Exercise improves fitness and stamina and can help in overcoming fatigue, but you’ll need to start very gently – ask to see a physiotherapist for advice about suitable exercises.

Many of the problems caused by lupus can be made worse by smoking:
• Lupus and smoking can both cause your blood vessels to narrow, causing circulatory problems and increasing your risk of strokes and heart attacks.
• Lupus can make you more vulnerable to respiratory infections, while smoking leads to long-term lung damage, which can make these infections more frequent and more severe.
• If lupus affects your kidneys, it can lead to high blood pressure. Smoking can also contribute to high blood pressure, increasing the risk of strokes and worsening kidney disease.
Giving up smoking is one of the most important things you can do to reduce the risk of the more serious complications. It can be extremely difficult to stop, but treatments are available that can help you. Talk to your GP or call a smoking helpline for advice.

When lupus is active, you may not feel like doing very much and it’s important to rest when you need to. But too much rest will cause the muscles to weaken and may make you feel more tired. You need to find the right balance between rest and exercise. Walking and swimming are good exercises because they can improve fatigue, fitness and stamina without putting too much strain on the joints. Even when you’re having a flare-up, a small amount of exercise is helpful. You should have some gentle exercise that you can do even on a bad day.

Diet and nutrition
There’s some evidence that a diet low in saturated fat and supplemented by fish body oil may be helpful.
Be careful of any exclusion diets where you stop eating large food groups. Lupus is an active autoimmune disease and you need all the nutrients that a well-balanced diet will provide. Consult a dietitian if you need more specific advice.

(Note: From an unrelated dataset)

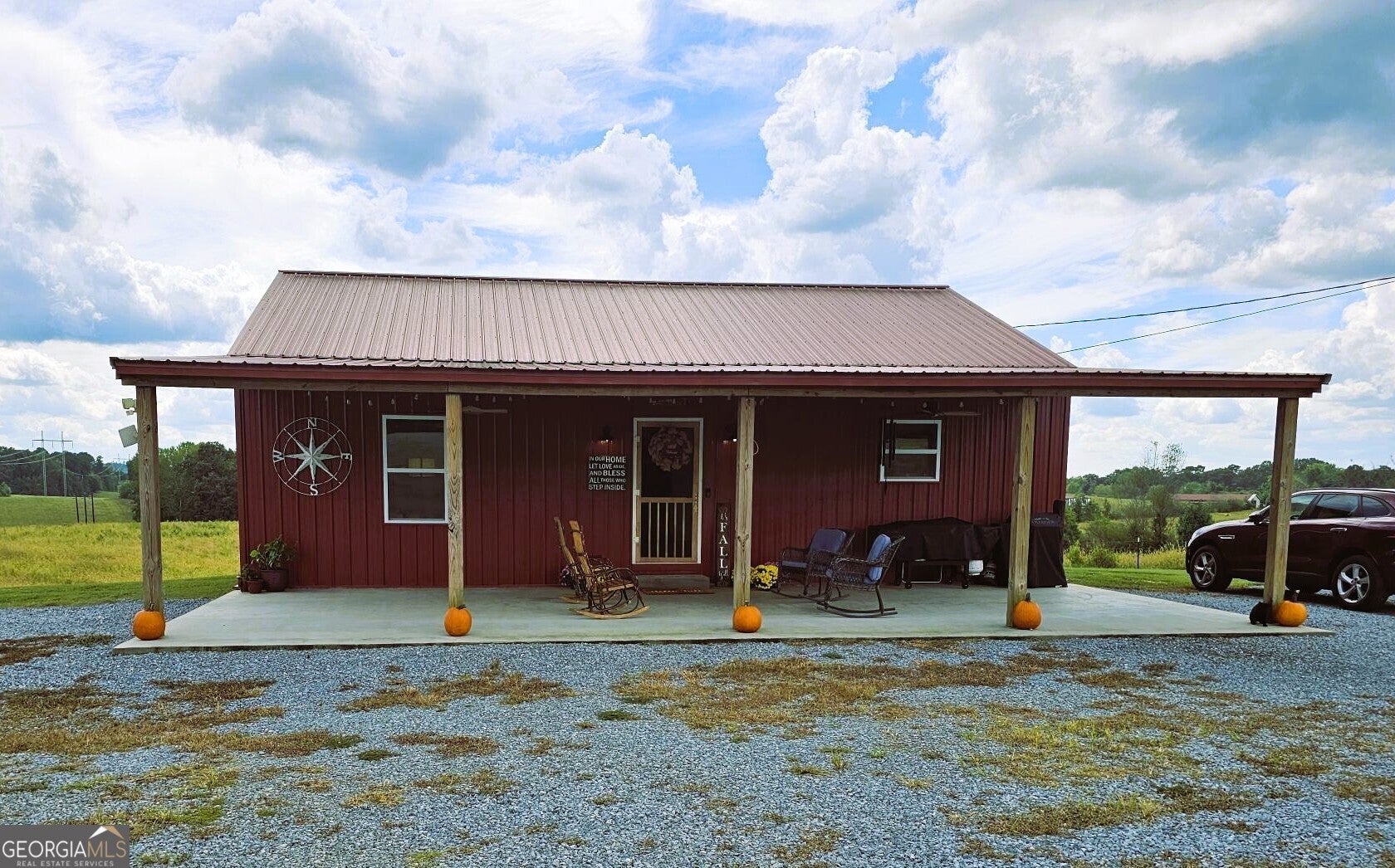 Priced below appraised value- A Peaceful Retreat with Room to Grow - Just Minutes from Buchanan. Welcome to this charming 1,249 sq ft Barndominium tucked away on 3.64 serene acres just off Hwy 27, north of Buchanan, with easy access to I-20. Designed with simplicity and function in mind, this metal-sided home features an open-concept layout with two spacious bedrooms, a full bath with a tiled shower, and a convenient laundry area. The kitchen is a standout with stainless steel appliances, generous cabinet space, and a large wall pantry perfect for stocking up. Downstairs, the 1,249 sq ft unfinished basement has 10-inch thick poured concrete walls and floors-ideal for storage or as a storm shelter. An unfinished attic with flooring adds even more storage flexibility. Step outside and enjoy the best of country living: a 16' x 40' covered back porch overlooking open pastureland and breathtaking sunsets, plus a matching front porch with a low-maintenance concrete floor. A 50' x 70' barn with electricity provides ample space to park your RV, boat, or equipment. The property also includes a 300-foot deep drilled well (installed in 2022), ensuring a reliable water supply. The property is fully fenced with a motorized gate for entry. With minimal upkeep, the land is perfect for gardening, farming, or hosting evening gatherings under the stars. Whether you're seeking a peaceful homestead, a weekend getaway, or a versatile space to make your own, this property offers endless possibilities. Come experience the quiet charm and natural beauty-this one's a must-see.

Too much ultraviolet light can cause a rash and flare-ups of symptoms in the internal organs. Bear this in mind when you choose a holiday destination and talk to your rheumatology nurse specialist or dermatologist if you’re in doubt. When you’re outside, use the following tips:
• Keep out of the midday sun and wear a hat.
• Cover your skin or use a sun-blocking cream, SPF 50 or greater. You can also buy tinted high-factor sun creams that can be used as foundation make-up.
• Avoid sitting under sun umbrellas on a paved area because the sunlight will be reflected onto your face.
Raynaud’s phenomenon
If you experience symptoms of Raynaud’s phenomenon in your hands or feet, make sure you dress suitably for cold weather. Smoking is bad for your circulation and is likely to make your symptoms worse. Regular exercise will improve your circulation.

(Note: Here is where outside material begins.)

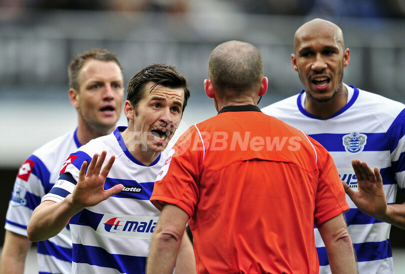 PKの判定に抗議するQPRの選手(2011年10月20日撮影)。(c)AFP/GLYN KIRK

Even if it doesn’t affect the course of your condition, emotional stress can make it seem worse. Learn how to manage any stress in your life. Your doctor may be able to refer you to a psychologist who can help with coping strategies.

Meeting others with lupus
Lupus is a difficult condition to live with and throws up many challenges, especially during periods of life when you may need more energy. Meeting others with lupus doesn’t necessarily remove these challenges but it can help you to cope with them by sharing your thoughts and concerns with someone who understands. You may meet people through an education program or patient support groups.

If you have lupus you should use contraceptive pills that contain only progesterone or low-dose estrogen, or consider physical/barrier methods of contraception. This is because estrogen can increase the chances of a flare-up.
Hormone replacement therapy (HRT)
It’s safe to use HRT for short periods if symptoms of the menopause are severe and your lupus is otherwise well controlled.